Use Dividend For Wealth Creation
4/19/2012 9:05 PM Thursday
Should one invest in the stock market for dividends? Many would suggest that the stock market is for capital appreciation and dividends are but a by-product, and hence, are best ignored. However, our study suggests that dividends are an equally powerful instrument for wealth creation if one has proper strategies in place. This can best be explained through an example. Had someone bought 100 shares of HUL in 1990, which would have cost around Rs 14000 then, the individual would have earned a whopping Rs 1.52 lakhs (not counting capital appreciation) from dividends alone till date. In other words, the income from dividend would be more than 10 times the original investment in 20 years’ time.
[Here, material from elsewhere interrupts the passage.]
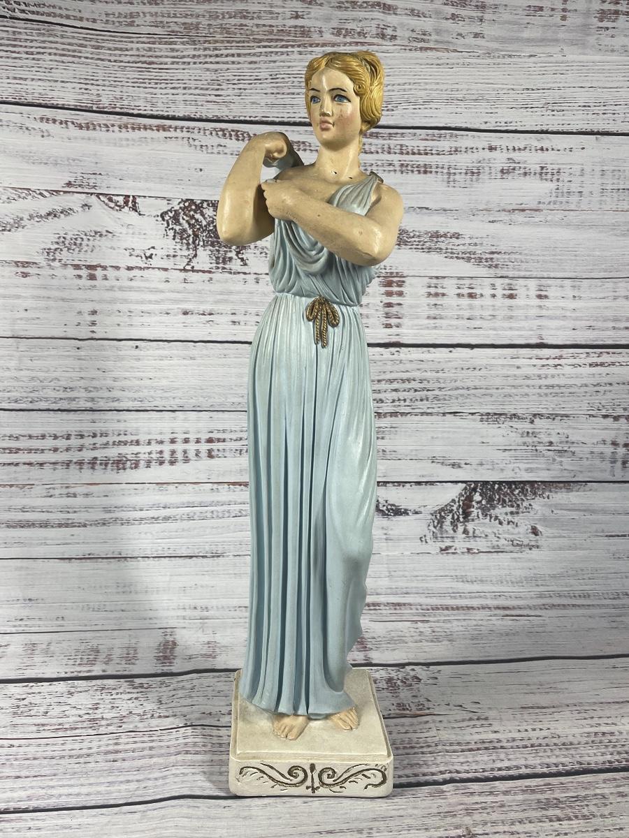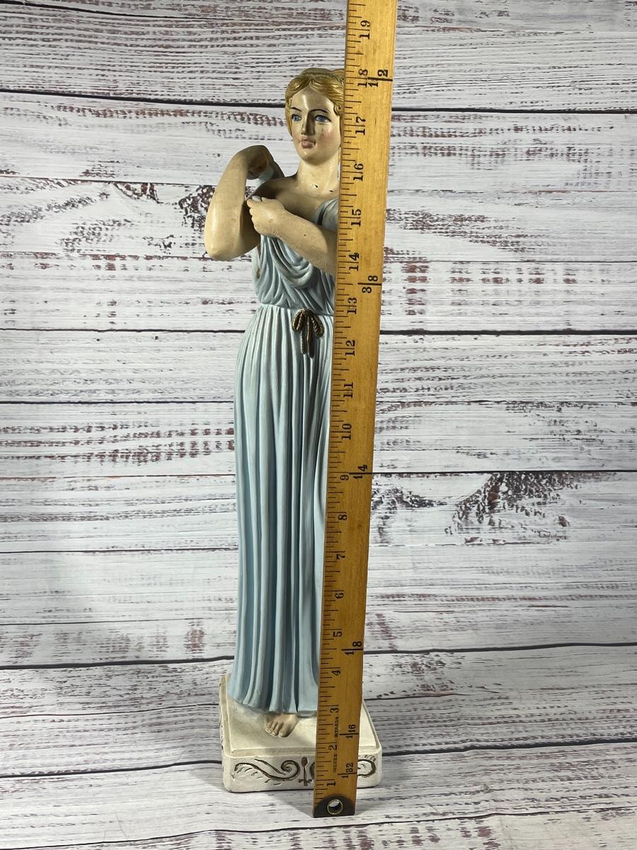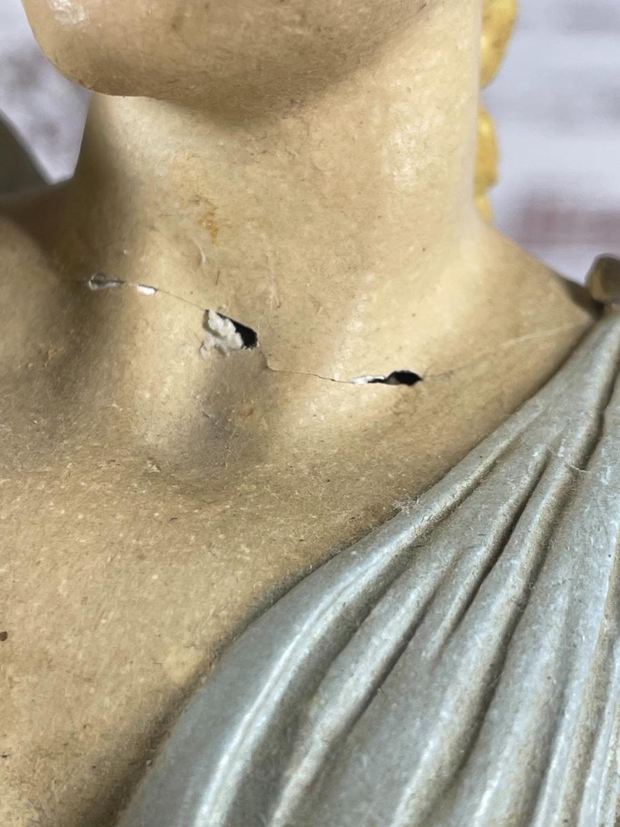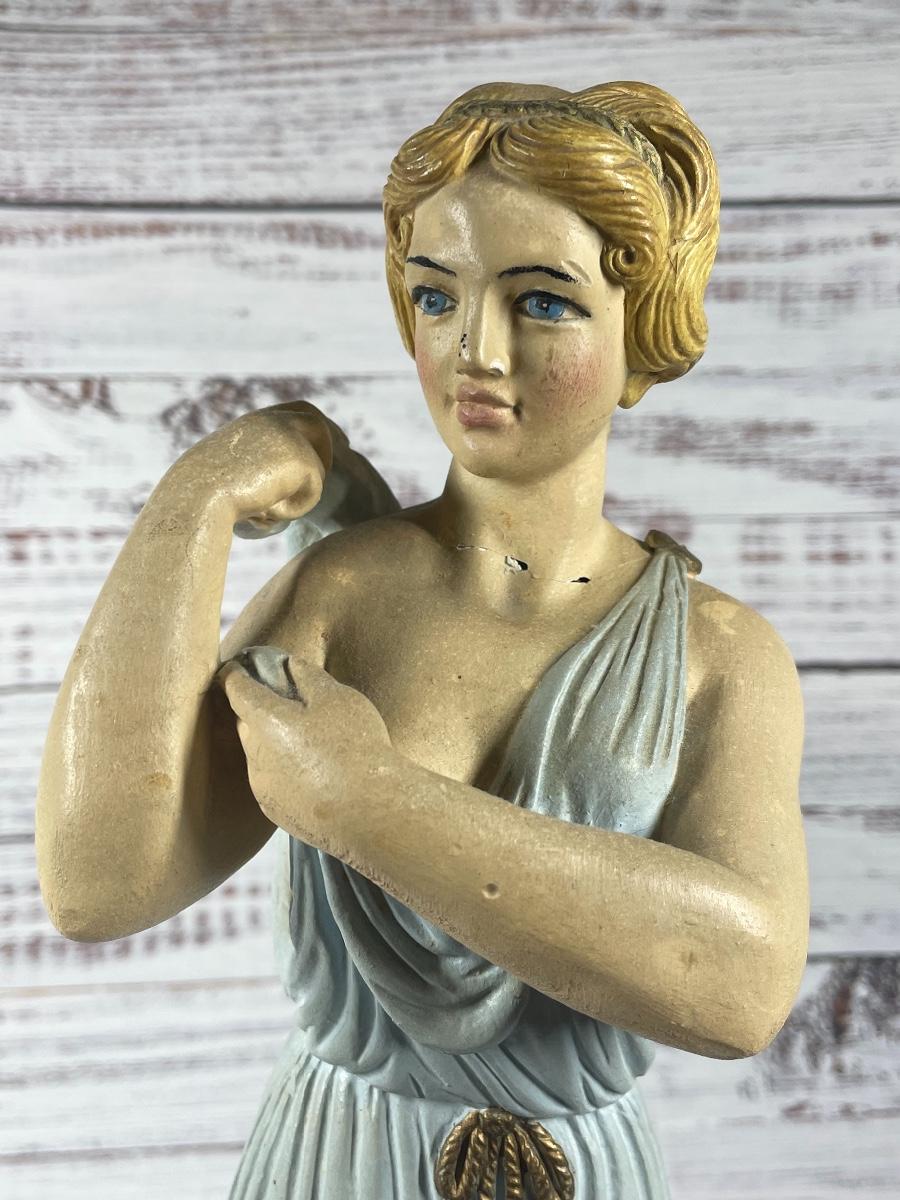 This statue is in good condition. There are some cracks around the woman’s neck and on the bottom of the statue. This item is approximately 18” tall.

The example of HUL is not an exception, and there are many companies that have created this kind of wealth for shareholders. Our cover story brings to you many such examples. It is a must-read story to clear any misconceptions that investors may have about dividends as a lucrative source of income. One of the smart ways to benefit from dividends is to reinvest them in the same company that paid the dividend, as this would provide a multiplier effect. The best part is that the long term capital gains as well as the dividend income is tax free, which means higher post-tax returns.
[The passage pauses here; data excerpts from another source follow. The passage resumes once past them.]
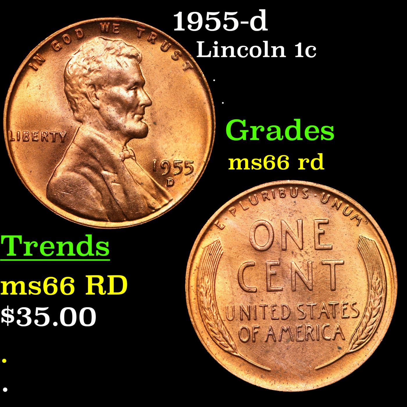 1955-d Lincoln Cent 1c Grades GEM+ Unc RD.
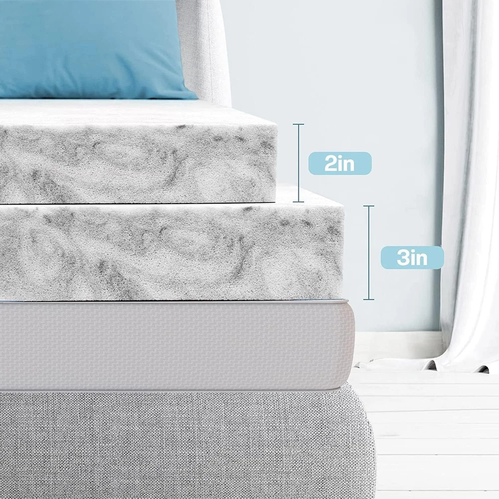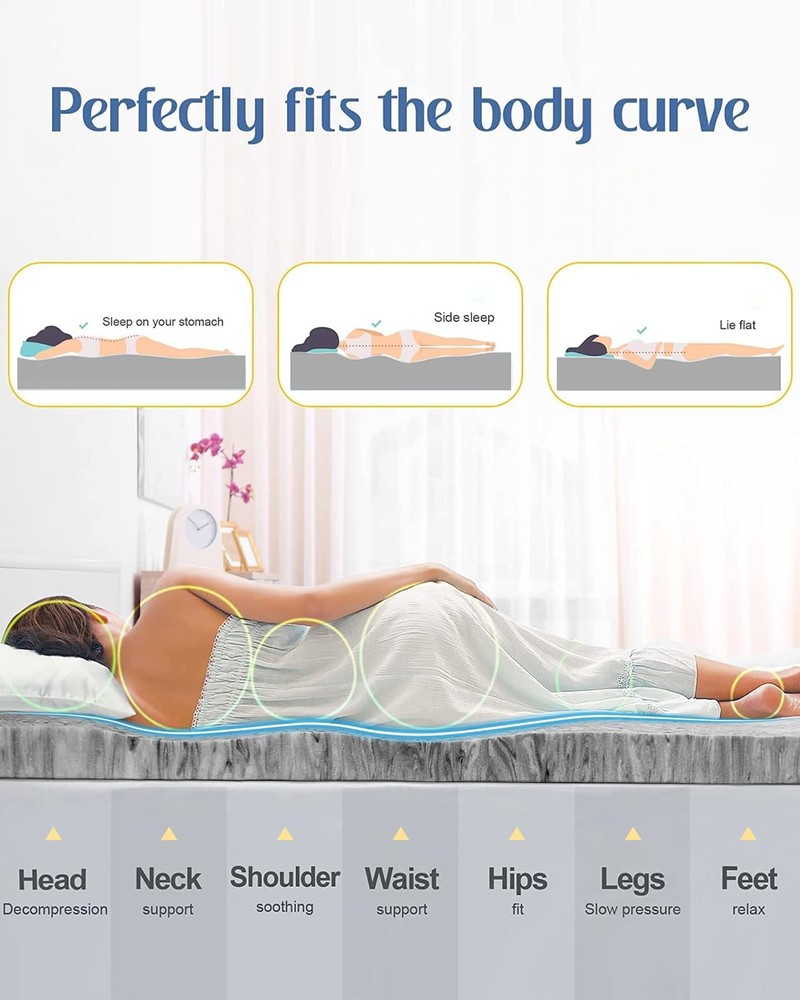 ✅Ventilated and Moisture Control - The negative ion integrated ensures a healthier sleep environment. Filled with charcoal microscopic porous attraction structure ventilation, naturally hypoallergenic memory foam is optimized for airflow and moisture control, reducing body heat retention and preventing odors. ✅Ultimate Comfort - Moderately soft and flexible polyurethane material is suitable for all body types, evenly distributing weight and reducing spinal pain and pressure points. Whether you sleep on your back or side, the bed topper fits your body's curve and increases the hours of deep sleep. ✅Extraordinary Mattress Toppers - Lounging on the couch, camping in the great outdoors, or hitting the road in your RV, this topper eliminates motion transfer allowing your family to enjoy a sound night. Sunk right in a layer of sumptuous and soft-to-the-touch memory foam. ✅Ideal Addition - Whether you're looking to rejuvenate an old mattress, enhance the comfort of a too firm bed, or add a touch of decorative flair, a foam mattress pad is the ultimate cost-effective solution. It turns your ordinary bed into a heavenly oasis enveloped in luxurious clouds! ✅Unpacking and Care Instructions - Memory foam topper comes smartly compressed. Upon receiving it, we recommend placing it in a well-ventilated area to regain its original shape. Moreover, please avoid exposing the topper to direct sunlight, as this could cause discoloration, turning it yellow.
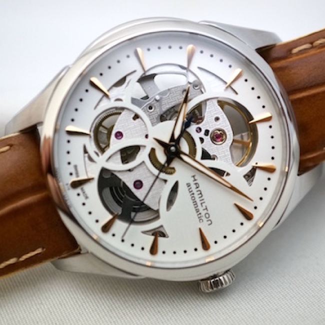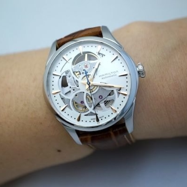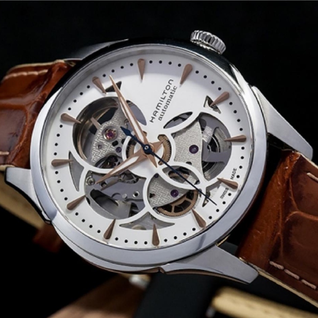 Die sanften Rundungen der Jazzmaster Skeleton Lady werden durch ein satiniertes und poliertes Gehäuse und ein durchbrochenes Zifferblatt mit diamantgeschnittenem abgeschrägten Rand unterstrichen. Trotz ihrer romantischen Anmutung ist die Jazzmaster Skeleton Lady erstaunlich robust und bis zu einem Druck von 5 Bar wasserdicht, sodass sie den Bedürfnissen aktiver Frauen im 21. Jahrhundert, derer sie sich sehr bewusst ist, gerecht wird. Das mit hochwertigen Finissierungen versehene neue Hamilton-Kaliber H-20-S sorgt für eine 42-stündige Gangreserve.

But why are we doing this story now? Well, the reason is obvious. Many companies would start declaring their full year results, and along with that, they would also declare the annual dividend. This is the time when investors start buying dividend stocks to create wealth over the long term. Our cover story also gives a list of companies which have not only been consistent in paying dividends over the last 10 years, but have also increased or at least maintained the dividend paid per share every year since 2006. The list should come in handy as a ready reckoner for investors.
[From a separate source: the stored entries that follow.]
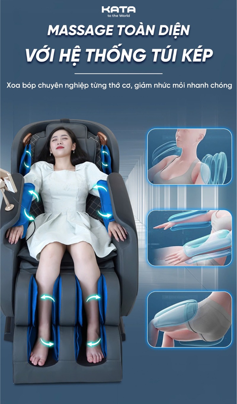Hệ thống túi khí kép được bố trí dọc khắp cơ thể từ vai, cánh tay, bắp chân đến bàn chân. So với túi khí đơn, loại túi khí kép cho phép tác động sâu hơn, co bóp mạnh hơn và phân bố áp lực đồng đều, giúp giảm căng cứng cơ bắp nhanh chóng.
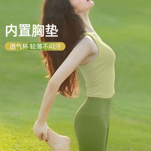 ヨガウェアセット 高級感 女性用 裸感 細見え プラティ フィットネス スポーツベスト トップス トレーニングウェア 夏用
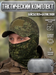 Комплект тактических головных уборов. Камуфляжная бейсболка BBC с камуфляжной балаклавой Цифра зеленая. Бейсболка BBC тактическая: Ткань рип-стоп 65% полиэстер, 35% хлопок. 3 места для крепления шевронов: на лбу, на макушке и на затылке. Размер места для крепления: на лбу 8Х5 см, на макушке 2,5Х2,5см, на затылке прямоугольный 9Х2,5 см. Размеры: 57-60. Спортивный Тип: Охота, рыбалка, туризм, поход. Балаклава-трансформер с одним вырезом. Камуфляжная балаклава из 100% хлопка. Маска-балаклава закрывает лицо почти полностью, надежно защищая кожу от внешних воздействий, прекрасно пропускает воздух, впитывает влагу. Удлиненное горло балаклавы позволяет заправлять его за воротник верхней одежды. Размер: универсальный.
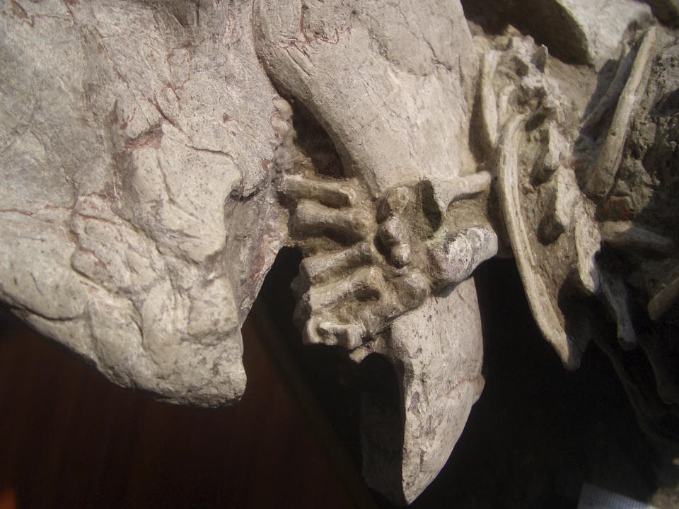 Λεπτομέρεια που δείχνει το μπροστικό πόδι του θηλαστικού να αρπάζει την κάτω σιαγόνα του δεινόσαυρου (Canadian Museum of
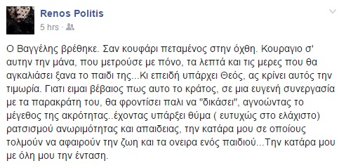 Ο Βαγγέλης βρέθηκε. Σαν κουφάρι πεταμένος στην όχθη. Κουραγιο σ’ αυτην την μάνα, που μετρούσε με πόνο, τα λεπτά και τις μερες που θα αγκαλιάσει ξανα το παιδι της…Κι επειδή υπάρχει Θεός, ας κρίνει αυτός την τιμωρία. Γιατι ειμαι βέβαιος πως αυτο το κράτος, σε μια ευγενή συνεργασία με τα παρακράτη του, θα φροντίσει παλι να “δικάσει”, αγνοώντας το μέγεθος της ακρότητας..έχοντας υπάρξει θύμα ( ευτυχώς στο ελάχιστο) ρατσισμού ανωριμότητας και απαιδειας, την κατάρα μου σε οποίους τολμούν να αφαιρούν την ζωη και τα ονειρα ενός παιδιού…Την κατάρα μου με όλη μου την ένταση.
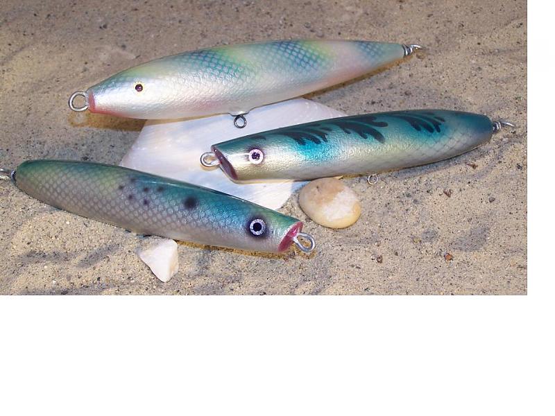 I've been frustrated by previous attempts, found some stencils in my attic the other day, I still have to mess around and maybe tighten them up a little but a big improvement over my other tries, the big spook is a little over 3 oz., the poppers are just over 2 oz. and a present for my dad for his bday, he got a new knee and a triple bypass all in one week last Nov. and hasn't stopped talking about going fishing ever since,
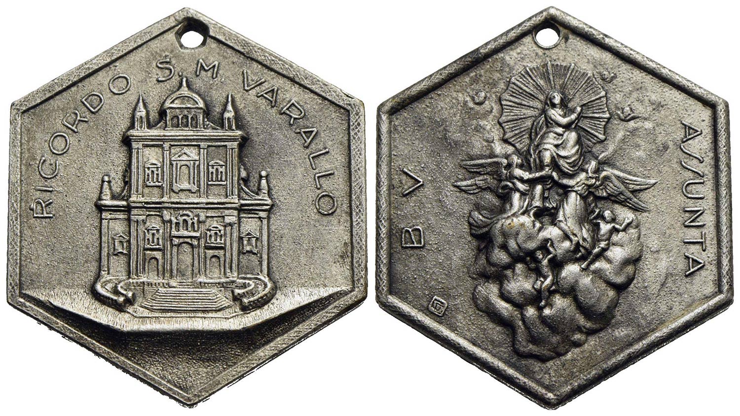 RELIGIOSE - Medaglia - Basilica dell'Assunta - Varallo - Assunzione di Maria - R/ Facciata della Basilica Ø: 35 mm. - MB Esagonale

At its annual policy review meeting, the RBI sprang a surprise with a 50 basis point cut in the repo rate. While I was not expecting any cut, the market consensus was for a cut of 25 basis points. On going through the RBI governor’s speech, one gets a feeling that this could be the last of the cuts in the key rates for 2012. This is because the RBI believes that inflation would continue to remain at the higher levels, albeit in a narrow range. For now, the central banker seems to be more worried on the growth front, as the economy continues to operate below the post crisis trend.
I strongly believe that had the IIP number for the month of January 2012 not been revised downward from 6.8 per cent to 1.1 per cent, the RBI would not have taken this drastic step. There is a limit to which the RBI can push to put the economy on a growth path, and hence, it is time that the government takes some proactive steps to put the economy back on the growth trajectory. If it fails to take some action, the RBI’s efforts would go in vain and would not yield the desired results.
The stock market remained firm during the past fortnight, despite the news from the international shores not being so encouraging (particularly Spain’s debt problem). Nor was the news great on the domestic front, with high inflation, a downward revision of the IIP number and a subdued guidance from Infosys. This scenario suggests that the stock market has formed quite a good support base, and hence, will be able to absorb any negative news very effectively. If there is good news in the coming days, it could turn out to be a springboard for the market. We would not be surprised if the market sees a rebound in the coming days.